One concern that the government has failed to adequately address is that of the availability of de-anonymised data. HSCIC will store identifiable data (as do CPRD and the other primary care databases now) but will only allow this to be released to specific agencies in exceptional circumstances after approval from an independent advisory group. An example of how this system works now is using CPRD or FARSITE to identify patients for suitability for clinical trials.
Note that in these cases, identified data are used for linkage to a practice but are never available directly to the researcher. Again, Care.data represents only an extension of currently available systems.
A second concern is that companies will illegally de-anonymise our medical records and use them to, for example, target us better for their products (if they are a big pharma company) or skew our insurance claims (if they are an insurance company). The implausibility of this is fairly clear to anyone who works with electronic medical records or indeed any data on this scale. The complexity of the process of illegal de-anonymisation is such that it is unlikely that it would be possible to identify more than a very small proportion of patients with an ultimately unknown error rate.
The database would tell someone (willing to put a lot of work in) that, for example, there is a 90 year old female with diabetes, dementia and on certain medication registered with and attending a certain practice. To identify this patient, external information would be needed and it is unclear where it would be obtained from. Would the company survey the area at random asking about patients who fit the profile?
And obviously that would only be ‘feasible’ for combinations of characteristics that are not prevalent (so very old patients, numerous disorders or diseases, rare conditions etc…). It seems impossible that a company would break the law and grandiosely jeopardise its standing, by embarking on such a complicated enterprise with practically zero returns.
Alternatively, ‘hackers’ may do the identification and sell the data on themselves to whoever will pay. The ludicrousness of such an argument is pretty obvious: why would someone pay for the name of that 90 year old female mentioned above (which cannot be identified solely through the database and considerable external effort is required)?
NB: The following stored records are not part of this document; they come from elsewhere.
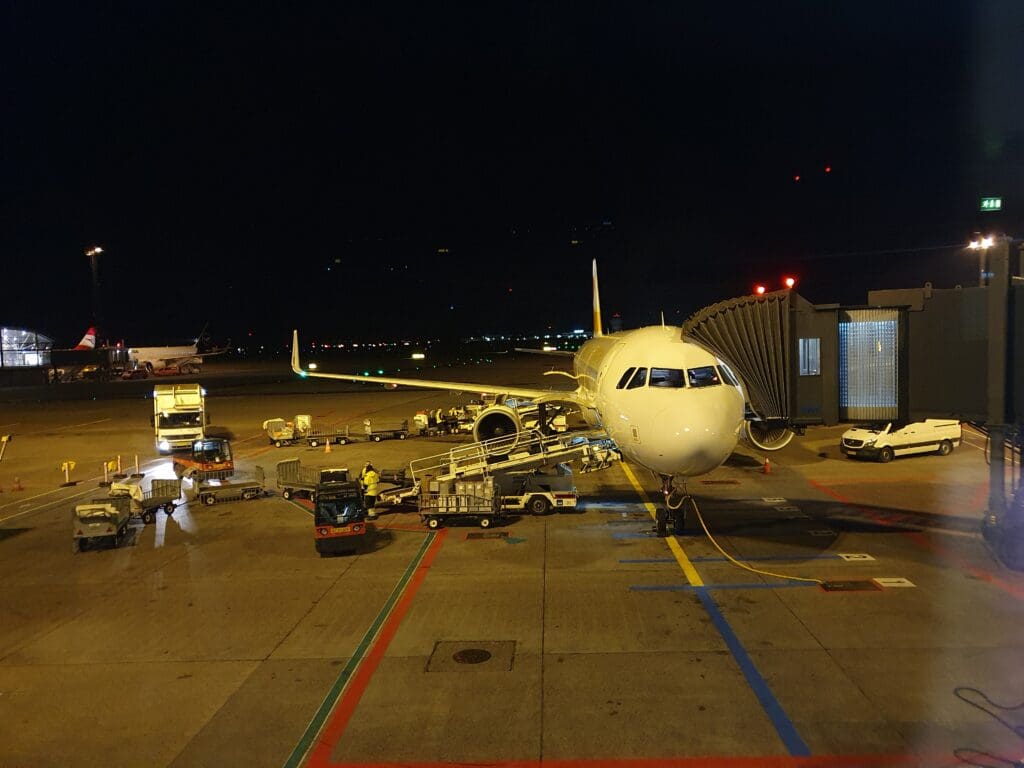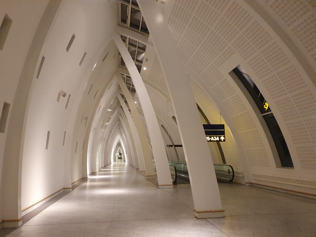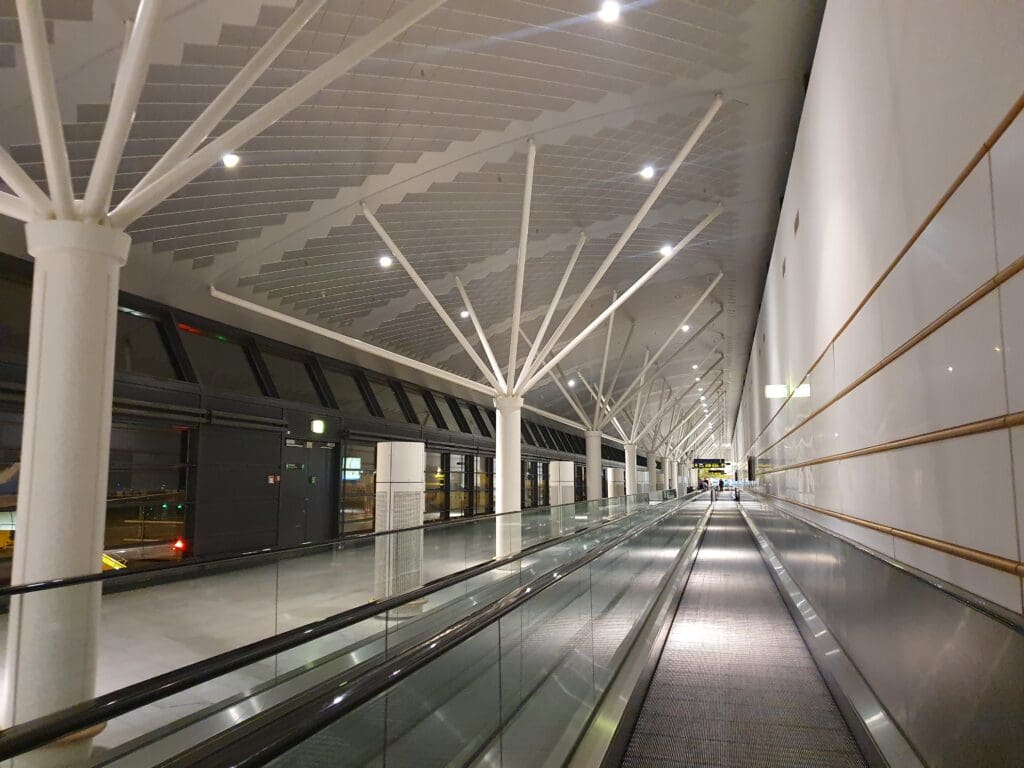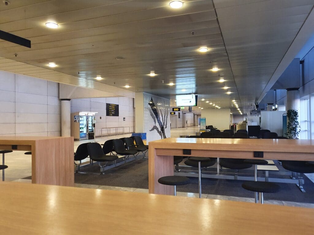 As the day gradually transitioned to night, I watched as narrowbody aircraft departed and arrived from destinations across Europe, whilst the clear May skies offered a picturesque backdrop of yellow, orange and pink before the sun finally sank below the horizon. As was to be expected, as the list of departures for that day on the departure boards shrank, the terminal quietened down and eventually ended up almost completely deserted. To my surprise, perhaps attributable to a good network of all-night transportation options running to the airport, comparatively few passengers appeared to be camping out in the terminal that evening with this being an absolute ghost town for a few hours. As I had expected, as far as I could tell all stores closed for the night and left just the terminal’s comprehensive network of vending machines on offer for those wanting something to eat or drink.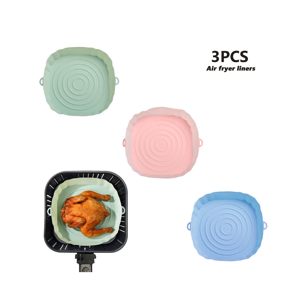 (3pcs green pink blue) 3/2/1Pcs Air Fryer Silicone Basket Pot Oven Baking Tray Fried Pizza Chicken Mat Round Replacemen AirFryer Grill Pan Pad Liner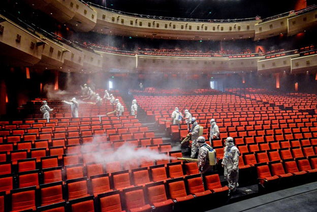 Un equipo que desinfecta el Gran Teatro Qintai en Wuhan, China, en enero. Crédito: Xia Junjun / VCG / Getty
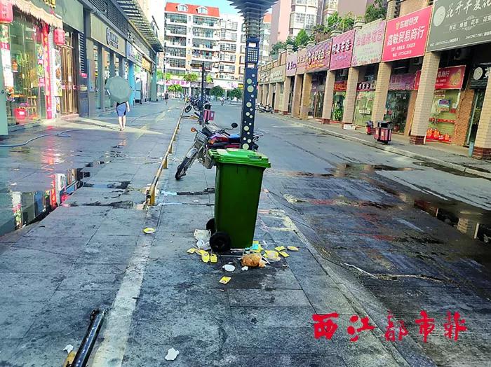7月21日8時許,南寧百貨周邊的道路上垃圾隨處可見、積水現象依然存在。紀榮蘭 攝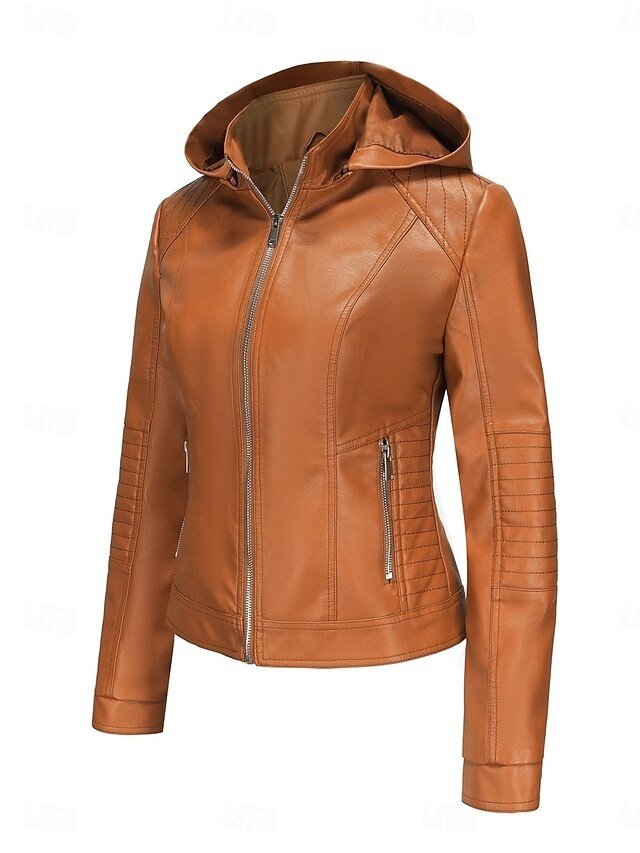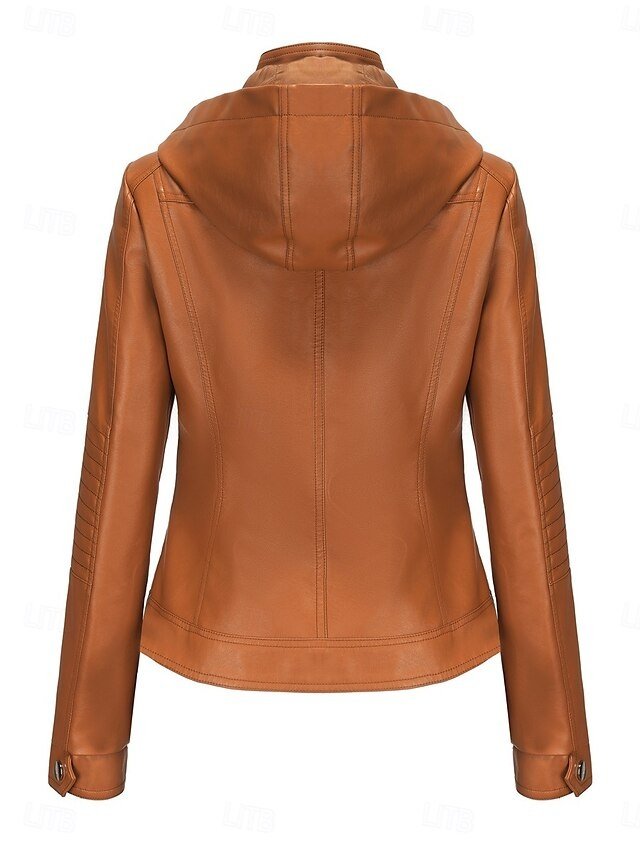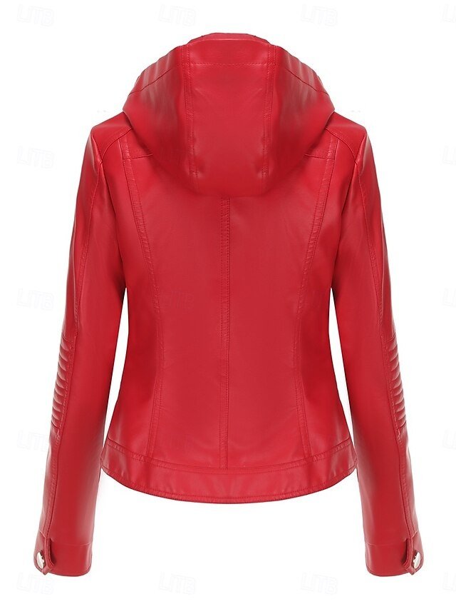 Discover our chic casual faux leather jacket with a hood, perfect for everyday elegance. Available in Red, Camel, and Coffee.

Would it make any difference to identity thieves what medication you are on? No.
They would be after your name, age, sex, occupation and so on; information that is either unavailable in the database (name, occupation) or is an absolute requisite for identifying your medical record in the database (age, sex).
On the other hand your social media data, credit card information and iTunes, Paypal and Amazon passwords are all much easier to harvest, intrinsically more valuable and doing so does not necessarily require PhD-level knowledge of large databases and months or years invested in training to properly extract this information.
People’s concerns about Care.data are legitimate and they deserve to have them properly addressed but if this doesn’t happen and the project ultimately fails or is reduced in scope, this will be bad news for the NHS, for research and for patients in the UK and beyond.